- THE DATA -
==============================
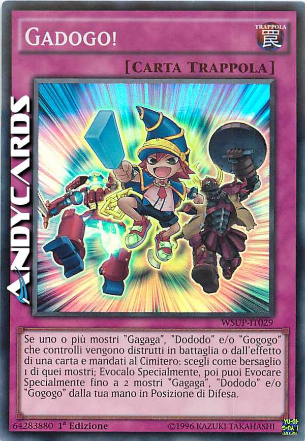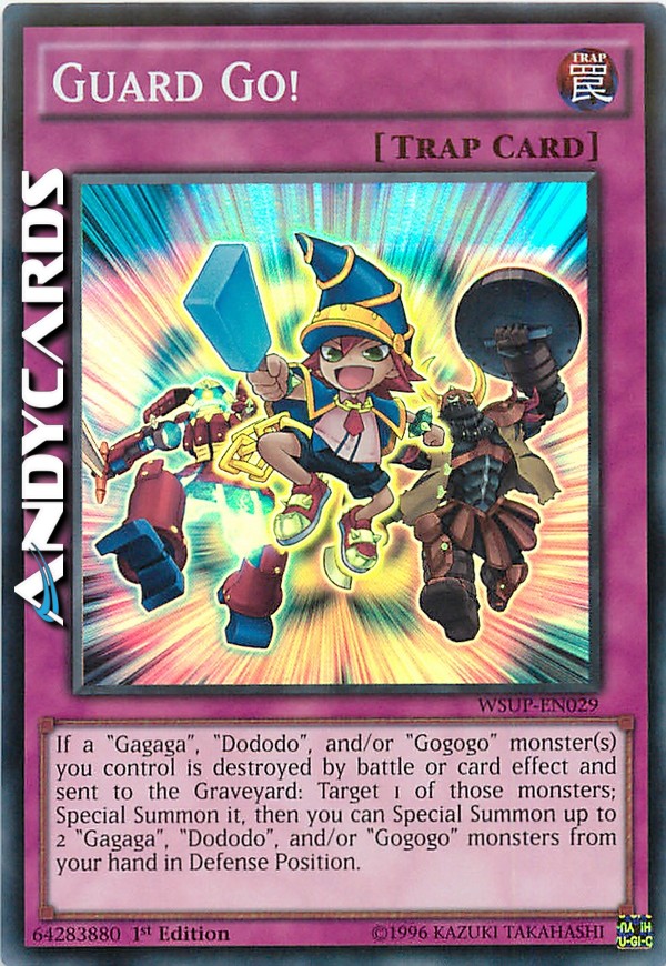 Se uno o più mostri "Gagaga", "Dododo" e/o "Gogogo" che controlli vengono distrutti in battaglia o dall'effetto di una carta e mandati al Cimitero: scegli come bersaglio 1 di quei mostri; Evocalo Specialmente, poi puoi Evocare Specialmente fino a 2 mostri "Gagaga", "Dododo" e/o "Gogogo" dalla tua mano in Posizione di Difesa.
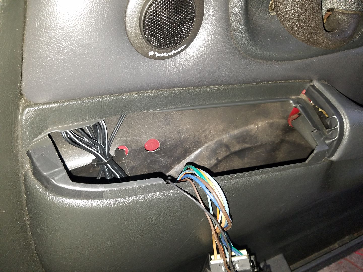 Got a jump start on this weekend's project when I got home from work. Installing new Rockford Fosgate components in the front doors (replacing old JL ones I had in them, as the driver's side tweeter has stopped working...), as well as installing some new pop-in clips that hold the door panel to the door. I also worked on silencing the door panel a little more using some electrical tape where the clips popped into the panel. I also went another step and used some extra door edge trim to run the edge of the panel where I could TELL it's been rubbing against the door, and also put some electrical tape in some strategic places on the window switch to make it not squeak so much. The whole assembly just feels more solid on the door now and there's FAR much less squeaking coming from it... Have yet to drive it so who knows about the rattling lol. Going to knock out the driver's side tomorrow and then we'll find out!
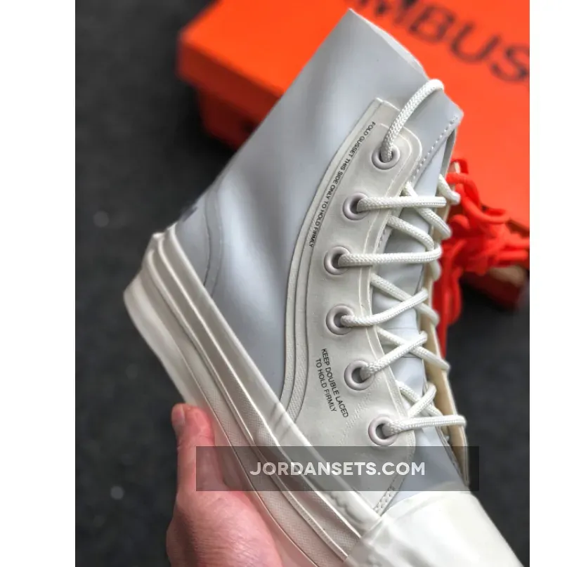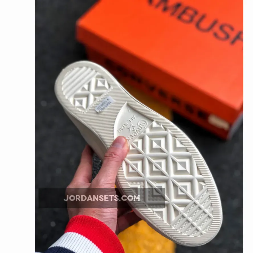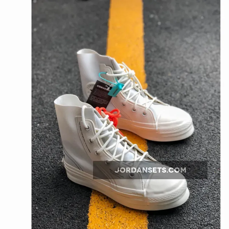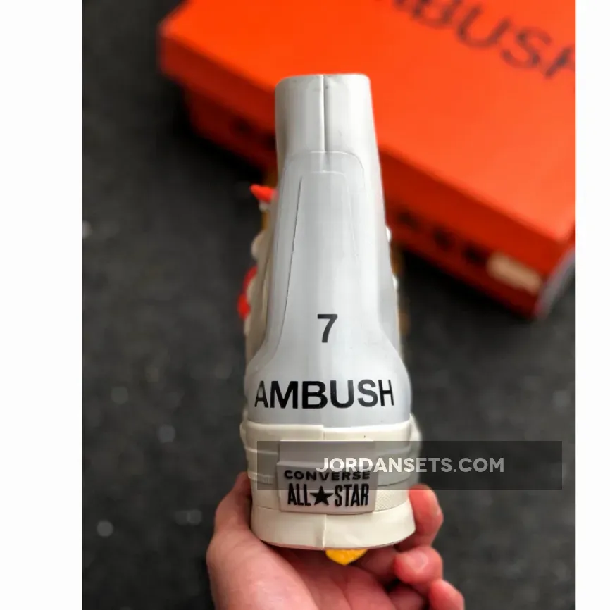 A reimagining of two staples, the Chuck 70, dressed entirely in white tones, is largely the most imposing while the sleeker (though not by much) Pro Leather quiets down in its blacked out color scheme. Marking the first reworking of the model at the hands of any designer, the latter silhouette sees to rubberized soles, the classic Chevron logo, and gusseted tongues. The Chuck 70, however, is in closer homage with soles heightened by more than double and markings at the eye stay denoting how to wear. “AMBUSH” prints on both at their heel — in contrasting type of black or yellow — with the size also emblazoned in bold face just above.
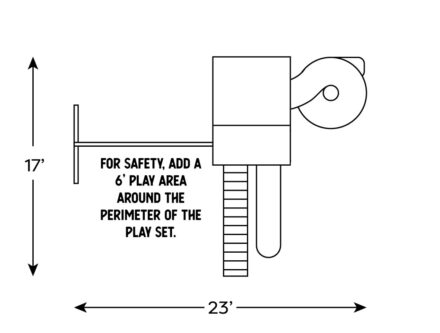 Kids’ sanctuary for imaginative play or energetic fun with friends. No adults allowed! Includes a 6′ play area around the perimeter, 6’x5′ playhouse on a 6’x8′ deck mounted on 4×4 skids for ground-level use. Try it out on your back yard with our Augmented Reality visualizer!
==============================
- ASSIGNMENT -
Apart from the images, retype the full material exactly as written.

- RESULT -
 Se uno o più mostri "Gagaga", "Dododo" e/o "Gogogo" che controlli vengono distrutti in battaglia o dall'effetto di una carta e mandati al Cimitero: scegli come bersaglio 1 di quei mostri; Evocalo Specialmente, poi puoi Evocare Specialmente fino a 2 mostri "Gagaga", "Dododo" e/o "Gogogo" dalla tua mano in Posizione di Difesa.
 Got a jump start on this weekend's project when I got home from work. Installing new Rockford Fosgate components in the front doors (replacing old JL ones I had in them, as the driver's side tweeter has stopped working...), as well as installing some new pop-in clips that hold the door panel to the door. I also worked on silencing the door panel a little more using some electrical tape where the clips popped into the panel. I also went another step and used some extra door edge trim to run the edge of the panel where I could TELL it's been rubbing against the door, and also put some electrical tape in some strategic places on the window switch to make it not squeak so much. The whole assembly just feels more solid on the door now and there's FAR much less squeaking coming from it... Have yet to drive it so who knows about the rattling lol. Going to knock out the driver's side tomorrow and then we'll find out!
 A reimagining of two staples, the Chuck 70, dressed entirely in white tones, is largely the most imposing while the sleeker (though not by much) Pro Leather quiets down in its blacked out color scheme. Marking the first reworking of the model at the hands of any designer, the latter silhouette sees to rubberized soles, the classic Chevron logo, and gusseted tongues. The Chuck 70, however, is in closer homage with soles heightened by more than double and markings at the eye stay denoting how to wear. “AMBUSH” prints on both at their heel — in contrasting type of black or yellow — with the size also emblazoned in bold face just above.
 Kids’ sanctuary for imaginative play or energetic fun with friends. No adults allowed! Includes a 6′ play area around the perimeter, 6’x5′ playhouse on a 6’x8′ deck mounted on 4×4 skids for ground-level use. Try it out on your back yard with our Augmented Reality visualizer!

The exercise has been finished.